Poland failed to sell out a government bond sale as yields followed rates on U.S. Treasuries higher. The zloty strengthened for a second day.

The Finance Ministry sold 2.42 billion zloty ($796 million) of securities due July 2025 and rejected all bids for April 2028 notes, falling short of its plan to sell as much as 3 billion zloty, it said in an e-mailed statement. The yield on benchmark zloty bonds due in October 2023 increased three basis points to 3.49 percent, the highest since June 23 on a closing basis. The zloty appreciated 0.1 percent to 4.1425 per euro at 3:16 p.m. in Warsaw.

“Demand wasn’t ravishing” at the auction, Arkadiusz Urbanski, a fixed-income analyst at Bank Pekao SA, said by phone. “Foreign investors probably were a bit more careful” after an increase in yields on U.S. debt, driven by fears of policy tightening by the Federal Reserve, he said.

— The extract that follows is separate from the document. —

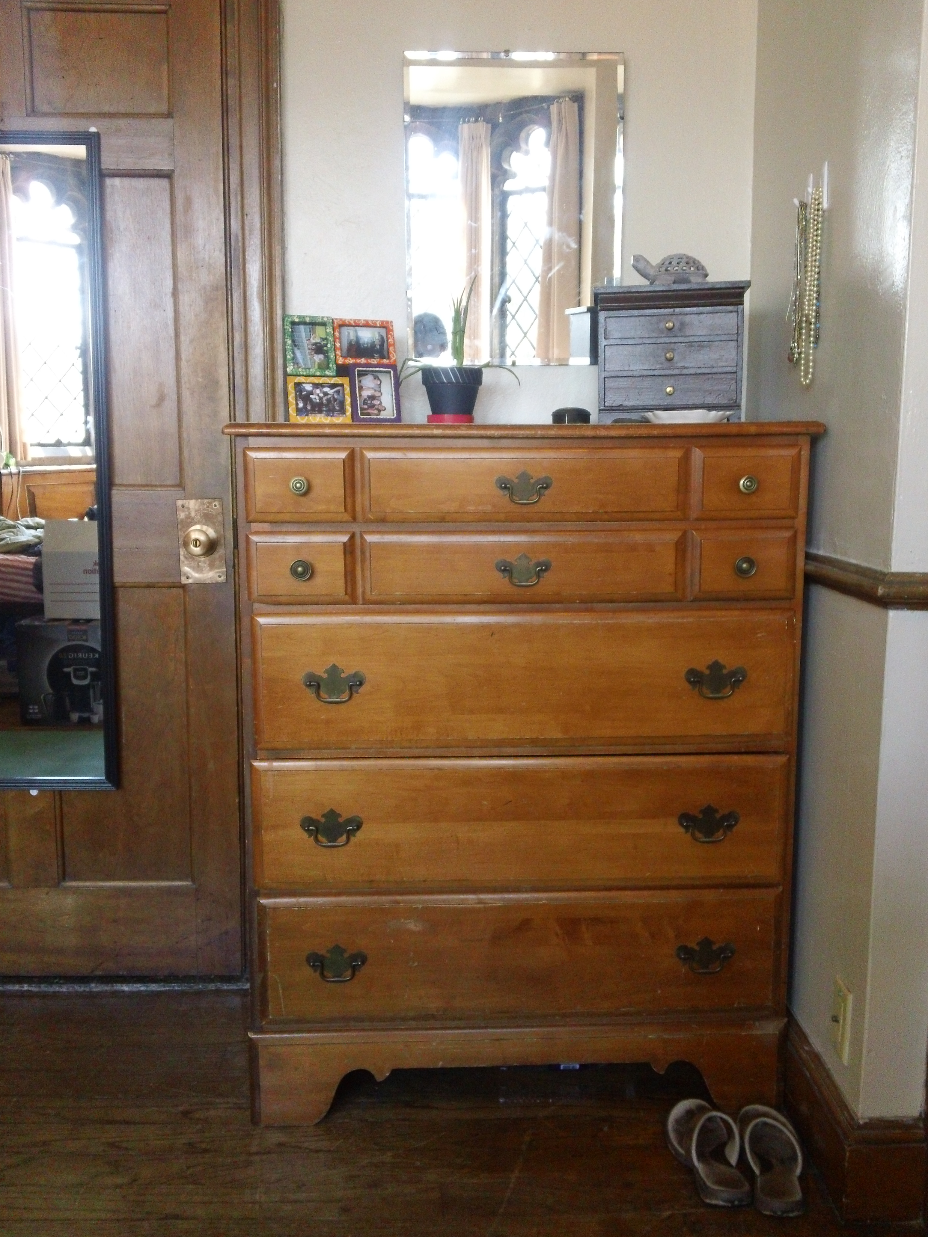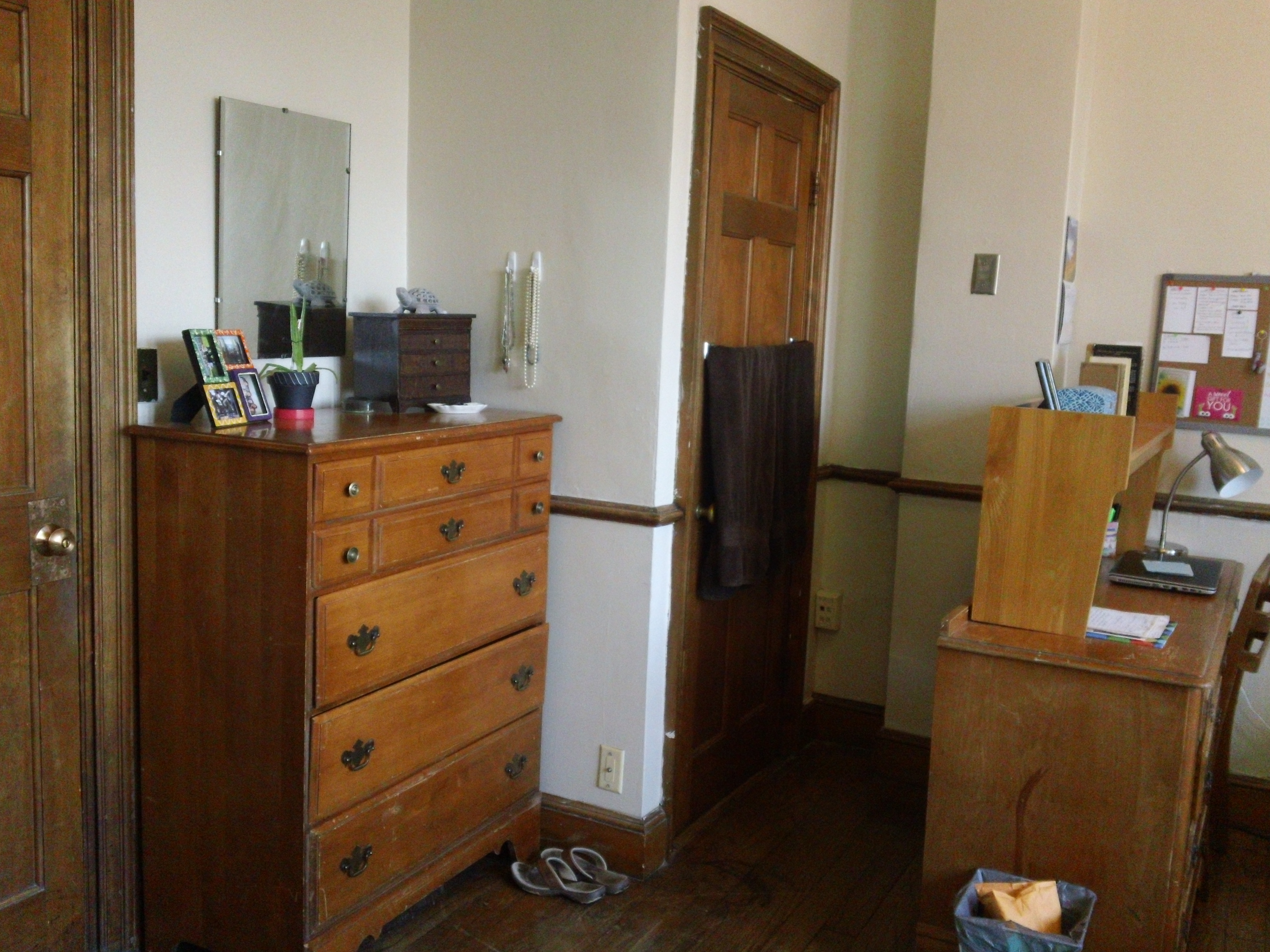 My dresser is to the right of the door and MUCH larger than other ones I have had at college. I had a lot of problems fitting all of my clothes in the closet/dresser last year, but actually have extra room this year. The mirror above the dresser was already there.

The rate on 10-year Treasuries increased 15 basis points in the last three days to a two-month high of 2.67 percent. The securities fell on continued strength on the U.S. jobs market, which is fueling bets that economic growth is gaining momentum.

The European Central Bank kept its main refinancing rate unchanged at a record low of 0.15 percent today, as predicted by all 54 economists in a Bloomberg News survey.

Poland’s central bank kept its key interest rate at record-low 2.5 percent yesterday and retracted a pledge to keep borrowing costs unchanged at least until the end of the third quarter. Governor Marek Belka said the probability of a rate cut in September was “very low.”

“The rates decision is more important for short-term bonds, which have positive prospects as Poland will enter a period of deep, yet short-term deflation,” Urbanski said. “The U.S. jobs data today could spark more hawkish comments” and push yields on bonds with longer maturities higher.